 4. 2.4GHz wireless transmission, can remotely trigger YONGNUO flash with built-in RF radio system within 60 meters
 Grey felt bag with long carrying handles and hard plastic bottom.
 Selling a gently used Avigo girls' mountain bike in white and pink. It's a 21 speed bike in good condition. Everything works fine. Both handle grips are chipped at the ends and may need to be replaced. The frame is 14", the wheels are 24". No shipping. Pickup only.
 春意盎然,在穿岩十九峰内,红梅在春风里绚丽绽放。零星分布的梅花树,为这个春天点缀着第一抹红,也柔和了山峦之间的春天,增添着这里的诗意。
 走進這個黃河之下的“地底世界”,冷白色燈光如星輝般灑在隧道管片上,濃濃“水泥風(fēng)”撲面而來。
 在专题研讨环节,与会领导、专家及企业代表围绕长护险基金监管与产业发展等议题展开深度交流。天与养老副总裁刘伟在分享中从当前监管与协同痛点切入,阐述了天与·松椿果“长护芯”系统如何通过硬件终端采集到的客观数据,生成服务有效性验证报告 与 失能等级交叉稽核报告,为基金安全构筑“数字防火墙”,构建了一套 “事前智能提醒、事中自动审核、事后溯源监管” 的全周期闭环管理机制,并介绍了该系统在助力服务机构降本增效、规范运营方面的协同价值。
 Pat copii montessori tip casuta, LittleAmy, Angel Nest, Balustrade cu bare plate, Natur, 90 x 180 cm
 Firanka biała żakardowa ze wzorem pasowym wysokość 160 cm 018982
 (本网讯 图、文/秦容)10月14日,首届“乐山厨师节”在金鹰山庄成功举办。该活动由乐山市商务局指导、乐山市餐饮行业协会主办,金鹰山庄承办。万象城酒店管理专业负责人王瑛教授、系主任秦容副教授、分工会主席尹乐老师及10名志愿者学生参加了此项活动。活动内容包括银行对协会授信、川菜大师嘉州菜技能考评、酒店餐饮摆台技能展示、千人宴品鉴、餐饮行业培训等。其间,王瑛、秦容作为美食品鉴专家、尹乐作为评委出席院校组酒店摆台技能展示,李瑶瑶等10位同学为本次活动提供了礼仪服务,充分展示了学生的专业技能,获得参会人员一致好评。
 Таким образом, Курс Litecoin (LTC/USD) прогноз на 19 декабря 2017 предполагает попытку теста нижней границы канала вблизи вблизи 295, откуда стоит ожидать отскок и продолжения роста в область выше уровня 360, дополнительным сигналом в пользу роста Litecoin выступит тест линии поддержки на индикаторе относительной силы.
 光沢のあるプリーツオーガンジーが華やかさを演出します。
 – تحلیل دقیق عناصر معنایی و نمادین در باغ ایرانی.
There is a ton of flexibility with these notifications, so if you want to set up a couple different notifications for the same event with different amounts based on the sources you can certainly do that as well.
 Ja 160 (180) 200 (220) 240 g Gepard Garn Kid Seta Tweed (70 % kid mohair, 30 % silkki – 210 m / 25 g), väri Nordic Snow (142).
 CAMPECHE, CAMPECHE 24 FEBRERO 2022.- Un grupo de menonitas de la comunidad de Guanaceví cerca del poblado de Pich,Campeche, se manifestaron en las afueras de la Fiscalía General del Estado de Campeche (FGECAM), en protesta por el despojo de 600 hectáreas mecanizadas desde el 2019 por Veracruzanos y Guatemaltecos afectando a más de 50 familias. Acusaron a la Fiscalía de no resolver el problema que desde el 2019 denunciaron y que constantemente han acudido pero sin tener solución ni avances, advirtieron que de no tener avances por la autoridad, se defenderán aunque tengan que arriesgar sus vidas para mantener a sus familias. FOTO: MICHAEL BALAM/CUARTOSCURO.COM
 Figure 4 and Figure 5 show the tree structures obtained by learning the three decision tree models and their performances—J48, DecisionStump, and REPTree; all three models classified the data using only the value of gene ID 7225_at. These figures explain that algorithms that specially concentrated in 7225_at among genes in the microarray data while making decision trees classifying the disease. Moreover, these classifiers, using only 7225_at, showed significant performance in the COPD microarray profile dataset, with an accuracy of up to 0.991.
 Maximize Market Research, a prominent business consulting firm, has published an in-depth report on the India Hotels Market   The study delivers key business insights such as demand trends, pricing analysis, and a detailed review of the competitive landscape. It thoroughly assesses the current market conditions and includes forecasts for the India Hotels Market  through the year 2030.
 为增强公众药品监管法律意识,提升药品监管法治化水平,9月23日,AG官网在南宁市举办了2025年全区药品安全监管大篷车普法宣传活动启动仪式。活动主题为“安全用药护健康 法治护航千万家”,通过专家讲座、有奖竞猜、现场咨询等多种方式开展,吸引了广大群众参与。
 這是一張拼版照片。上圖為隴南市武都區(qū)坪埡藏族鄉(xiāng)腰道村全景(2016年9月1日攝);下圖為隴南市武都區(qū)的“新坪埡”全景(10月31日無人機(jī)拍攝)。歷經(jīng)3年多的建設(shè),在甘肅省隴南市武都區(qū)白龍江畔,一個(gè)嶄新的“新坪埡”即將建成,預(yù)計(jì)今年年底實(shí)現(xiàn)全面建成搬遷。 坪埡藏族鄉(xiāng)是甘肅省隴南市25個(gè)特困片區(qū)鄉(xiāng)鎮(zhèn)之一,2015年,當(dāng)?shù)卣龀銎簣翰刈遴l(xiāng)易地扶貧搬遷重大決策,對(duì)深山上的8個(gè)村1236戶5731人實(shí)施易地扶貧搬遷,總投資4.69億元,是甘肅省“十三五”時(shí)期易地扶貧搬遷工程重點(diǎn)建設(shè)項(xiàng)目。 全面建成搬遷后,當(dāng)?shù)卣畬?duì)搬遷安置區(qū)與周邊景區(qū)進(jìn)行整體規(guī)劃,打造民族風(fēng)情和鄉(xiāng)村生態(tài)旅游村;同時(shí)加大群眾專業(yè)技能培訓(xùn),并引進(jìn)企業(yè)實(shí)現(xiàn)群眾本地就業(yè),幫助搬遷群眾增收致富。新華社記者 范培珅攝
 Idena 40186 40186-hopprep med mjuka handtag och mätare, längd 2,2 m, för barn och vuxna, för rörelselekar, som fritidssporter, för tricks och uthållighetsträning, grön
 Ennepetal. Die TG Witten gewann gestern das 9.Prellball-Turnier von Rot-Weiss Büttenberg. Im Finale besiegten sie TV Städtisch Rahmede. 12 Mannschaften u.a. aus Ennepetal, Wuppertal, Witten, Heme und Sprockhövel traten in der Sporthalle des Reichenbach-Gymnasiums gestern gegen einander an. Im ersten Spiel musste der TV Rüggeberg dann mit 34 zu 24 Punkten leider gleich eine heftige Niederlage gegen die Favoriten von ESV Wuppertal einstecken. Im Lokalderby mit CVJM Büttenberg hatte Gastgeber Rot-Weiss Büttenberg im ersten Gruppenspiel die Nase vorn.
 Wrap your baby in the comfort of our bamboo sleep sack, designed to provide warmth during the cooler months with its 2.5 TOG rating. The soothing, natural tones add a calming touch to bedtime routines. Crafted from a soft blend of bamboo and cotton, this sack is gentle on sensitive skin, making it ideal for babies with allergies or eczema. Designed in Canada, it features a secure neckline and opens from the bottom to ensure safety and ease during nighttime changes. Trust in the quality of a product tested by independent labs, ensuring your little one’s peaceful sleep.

┄┄┄┄┄┄┄┄┄┄┄┄┄┄┄┄┄┄┄┄

Aim of the exercise: Set down the records again verbatim, so that each word stays as it is.

Completed task:
 4. 2.4GHz wireless transmission, can remotely trigger YONGNUO flash with built-in RF radio system within 60 meters
 Grey felt bag with long carrying handles and hard plastic bottom.
 Selling a gently used Avigo girls' mountain bike in white and pink. It's a 21 speed bike in good condition. Everything works fine. Both handle grips are chipped at the ends and may need to be replaced. The frame is 14", the wheels are 24". No shipping. Pickup only.
 春意盎然,在穿岩十九峰内,红梅在春风里绚丽绽放。零星分布的梅花树,为这个春天点缀着第一抹红,也柔和了山峦之间的春天,增添着这里的诗意。
 走進這個黃河之下的“地底世界”,冷白色燈光如星輝般灑在隧道管片上,濃濃“水泥風(fēng)”撲面而來。
 在专题研讨环节,与会领导、专家及企业代表围绕长护险基金监管与产业发展等议题展开深度交流。天与养老副总裁刘伟在分享中从当前监管与协同痛点切入,阐述了天与·松椿果“长护芯”系统如何通过硬件终端采集到的客观数据,生成服务有效性验证报告 与 失能等级交叉稽核报告,为基金安全构筑“数字防火墙”,构建了一套 “事前智能提醒、事中自动审核、事后溯源监管” 的全周期闭环管理机制,并介绍了该系统在助力服务机构降本增效、规范运营方面的协同价值。
 Pat copii montessori tip casuta, LittleAmy, Angel Nest, Balustrade cu bare plate, Natur, 90 x 180 cm
 Firanka biała żakardowa ze wzorem pasowym wysokość 160 cm 018982
 (本网讯 图、文/秦容)10月14日,首届“乐山厨师节”在金鹰山庄成功举办。该活动由乐山市商务局指导、乐山市餐饮行业协会主办,金鹰山庄承办。万象城酒店管理专业负责人王瑛教授、系主任秦容副教授、分工会主席尹乐老师及10名志愿者学生参加了此项活动。活动内容包括银行对协会授信、川菜大师嘉州菜技能考评、酒店餐饮摆台技能展示、千人宴品鉴、餐饮行业培训等。其间,王瑛、秦容作为美食品鉴专家、尹乐作为评委出席院校组酒店摆台技能展示,李瑶瑶等10位同学为本次活动提供了礼仪服务,充分展示了学生的专业技能,获得参会人员一致好评。
 Таким образом, Курс Litecoin (LTC/USD) прогноз на 19 декабря 2017 предполагает попытку теста нижней границы канала вблизи вблизи 295, откуда стоит ожидать отскок и продолжения роста в область выше уровня 360, дополнительным сигналом в пользу роста Litecoin выступит тест линии поддержки на индикаторе относительной силы.
 光沢のあるプリーツオーガンジーが華やかさを演出します。
 – تحلیل دقیق عناصر معنایی و نمادین در باغ ایرانی.
There is a ton of flexibility with these notifications, so if you want to set up a couple different notifications for the same event with different amounts based on the sources you can certainly do that as well.
 Ja 160 (180) 200 (220) 240 g Gepard Garn Kid Seta Tweed (70 % kid mohair, 30 % silkki – 210 m / 25 g), väri Nordic Snow (142).
 CAMPECHE, CAMPECHE 24 FEBRERO 2022.- Un grupo de menonitas de la comunidad de Guanaceví cerca del poblado de Pich,Campeche, se manifestaron en las afueras de la Fiscalía General del Estado de Campeche (FGECAM), en protesta por el despojo de 600 hectáreas mecanizadas desde el 2019 por Veracruzanos y Guatemaltecos afectando a más de 50 familias. Acusaron a la Fiscalía de no resolver el problema que desde el 2019 denunciaron y que constantemente han acudido pero sin tener solución ni avances, advirtieron que de no tener avances por la autoridad, se defenderán aunque tengan que arriesgar sus vidas para mantener a sus familias. FOTO: MICHAEL BALAM/CUARTOSCURO.COM
 Figure 4 and Figure 5 show the tree structures obtained by learning the three decision tree models and their performances—J48, DecisionStump, and REPTree; all three models classified the data using only the value of gene ID 7225_at. These figures explain that algorithms that specially concentrated in 7225_at among genes in the microarray data while making decision trees classifying the disease. Moreover, these classifiers, using only 7225_at, showed significant performance in the COPD microarray profile dataset, with an accuracy of up to 0.991.
 Maximize Market Research, a prominent business consulting firm, has published an in-depth report on the India Hotels Market   The study delivers key business insights such as demand trends, pricing analysis, and a detailed review of the competitive landscape. It thoroughly assesses the current market conditions and includes forecasts for the India Hotels Market  through the year 2030.
 为增强公众药品监管法律意识,提升药品监管法治化水平,9月23日,AG官网在南宁市举办了2025年全区药品安全监管大篷车普法宣传活动启动仪式。活动主题为“安全用药护健康 法治护航千万家”,通过专家讲座、有奖竞猜、现场咨询等多种方式开展,吸引了广大群众参与。
 這是一張拼版照片。上圖為隴南市武都區(qū)坪埡藏族鄉(xiāng)腰道村全景(2016年9月1日攝);下圖為隴南市武都區(qū)的“新坪埡”全景(10月31日無人機(jī)拍攝)。歷經(jīng)3年多的建設(shè),在甘肅省隴南市武都區(qū)白龍江畔,一個(gè)嶄新的“新坪埡”即將建成,預(yù)計(jì)今年年底實(shí)現(xiàn)全面建成搬遷。 坪埡藏族鄉(xiāng)是甘肅省隴南市25個(gè)特困片區(qū)鄉(xiāng)鎮(zhèn)之一,2015年,當(dāng)?shù)卣龀銎簣翰刈遴l(xiāng)易地扶貧搬遷重大決策,對(duì)深山上的8個(gè)村1236戶5731人實(shí)施易地扶貧搬遷,總投資4.69億元,是甘肅省“十三五”時(shí)期易地扶貧搬遷工程重點(diǎn)建設(shè)項(xiàng)目。 全面建成搬遷后,當(dāng)?shù)卣畬?duì)搬遷安置區(qū)與周邊景區(qū)進(jìn)行整體規(guī)劃,打造民族風(fēng)情和鄉(xiāng)村生態(tài)旅游村;同時(shí)加大群眾專業(yè)技能培訓(xùn),并引進(jìn)企業(yè)實(shí)現(xiàn)群眾本地就業(yè),幫助搬遷群眾增收致富。新華社記者 范培珅攝
 Idena 40186 40186-hopprep med mjuka handtag och mätare, längd 2,2 m, för barn och vuxna, för rörelselekar, som fritidssporter, för tricks och uthållighetsträning, grön
 Ennepetal. Die TG Witten gewann gestern das 9.Prellball-Turnier von Rot-Weiss Büttenberg. Im Finale besiegten sie TV Städtisch Rahmede. 12 Mannschaften u.a. aus Ennepetal, Wuppertal, Witten, Heme und Sprockhövel traten in der Sporthalle des Reichenbach-Gymnasiums gestern gegen einander an. Im ersten Spiel musste der TV Rüggeberg dann mit 34 zu 24 Punkten leider gleich eine heftige Niederlage gegen die Favoriten von ESV Wuppertal einstecken. Im Lokalderby mit CVJM Büttenberg hatte Gastgeber Rot-Weiss Büttenberg im ersten Gruppenspiel die Nase vorn.
 Wrap your baby in the comfort of our bamboo sleep sack, designed to provide warmth during the cooler months with its 2.5 TOG rating. The soothing, natural tones add a calming touch to bedtime routines. Crafted from a soft blend of bamboo and cotton, this sack is gentle on sensitive skin, making it ideal for babies with allergies or eczema. Designed in Canada, it features a secure neckline and opens from the bottom to ensure safety and ease during nighttime changes. Trust in the quality of a product tested by independent labs, ensuring your little one’s peaceful sleep.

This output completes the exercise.